The measurements were made at selected sites chosen around San Andres, and
Old Providence after dividing up the coastal zone into arbitrary ‘optical zones’ and
ensuring that at least one sampling site was contained in each. The division was
made from estimates of the optical properties of the water column from Secchi disc
depths that are routinely carried out by the collaborating institution CORALINA,
the natural resource management agency that represents the Colombian national
environment system (SINA) in the Archipelago. Measuring site positions were
located to an accuracy of less than 4 m using a differential global positioning
satellite (GPS) system.
The first set of PAR measurements (AS1–AS25 and AP1–AP18) took place over a
one-month period (first collection period-A) from 16 April 1999 to 14 May 1999.
During that period (A) a total of 25 profiles (AS1–AS25) of downwelling PAR
irradiance were measured around San Andres and 18 around Old Providence (AP1–
AP18). A second set of 21 PAR measurements were carried out in San Andres a few
weeks later (BS1–BS24) during the period 6 June 1999 to 23 June 1999 (second
collection period – B). The second set of PAR measurements around San Andres (B)
included a number of sites that were also sampled during the first collection period (A)
which allowed for comparisons of temporal changes in attenuation. Pairs of stations
within 300 m distance from each other were considered to be the same site, and
subsequently 11 pairs of measurements were compared. These stations, in close
proximity, were used to test the hypothesis that temporal factors did not influence the
Kd(PAR) measurements, at least within the time frame that this study took place. To
test this a paired-sample t-test was carried out for the 11 paired stations around San
Andres.
A set of band-specific measurements using the red, green and blue filters were
made around San Andres during the second collection period (B) at most stations
at which PAR measurements were made. A set of band-specific downwelling
measurements was also made around Old Providence and Santa Catalina Islands
between 25 May 1999 and 2 June 1999.
For all downwelling measurements, the diffuse vertical attenuation coefficients
(Kd) were calculated as the linear slope coefficient of the logarithm of downwelling
irradiance (of PAR, red (R), green (G), or blue (B) bands) with respect to depth
(Kirk 1994). The majority of regressions between ln-irradiance and depth gave R2
values of 0.95 or above. Poor linear relationships were omitted.

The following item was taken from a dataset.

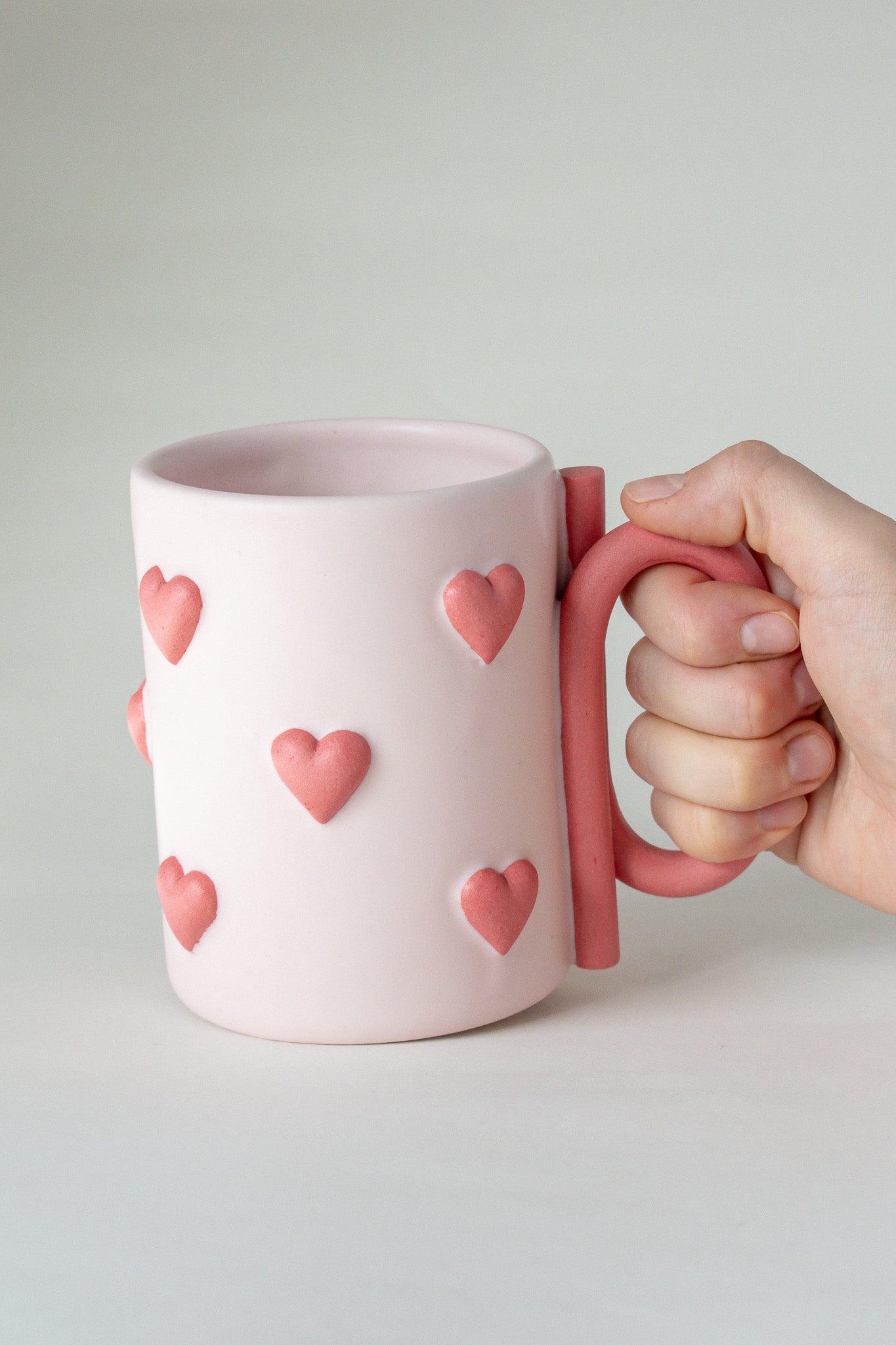 This mug is like holding a little heartbeat of love in your hands—but not in a weird way. Its soft pink glaze is a gentle blush, like the warmth of a sweet confession, while the red hearts dance across it like love notes scattered in the breeze. Every sip feels like a cozy hug, a quiet moment wrapped in affection, like curling up with a love letter written just for you. It’s more than just a mug; it’s a daily reminder that love—big or small, grand or simple—deserves to be cherished, one warm sip at a time.

3.2. Spectral measurements
In conjunction with the first set of PAR measurements, high spectral resolution
attenuation measurements were made at selected sites around San Andres and Old
Providence during the first collection period. All spectral measurements were made
using a GER 1500 spectroradiometer system comprising of two radiometers linked
to a notebook computer. The GER 1500 is a rapid scanning radiometer, using a linear
photodiode array to measure radiance over the visible to near-infrared wavelength
range (300–1100 nm) with a nominal dispersion of 1.5nm and resolution of 3 nm.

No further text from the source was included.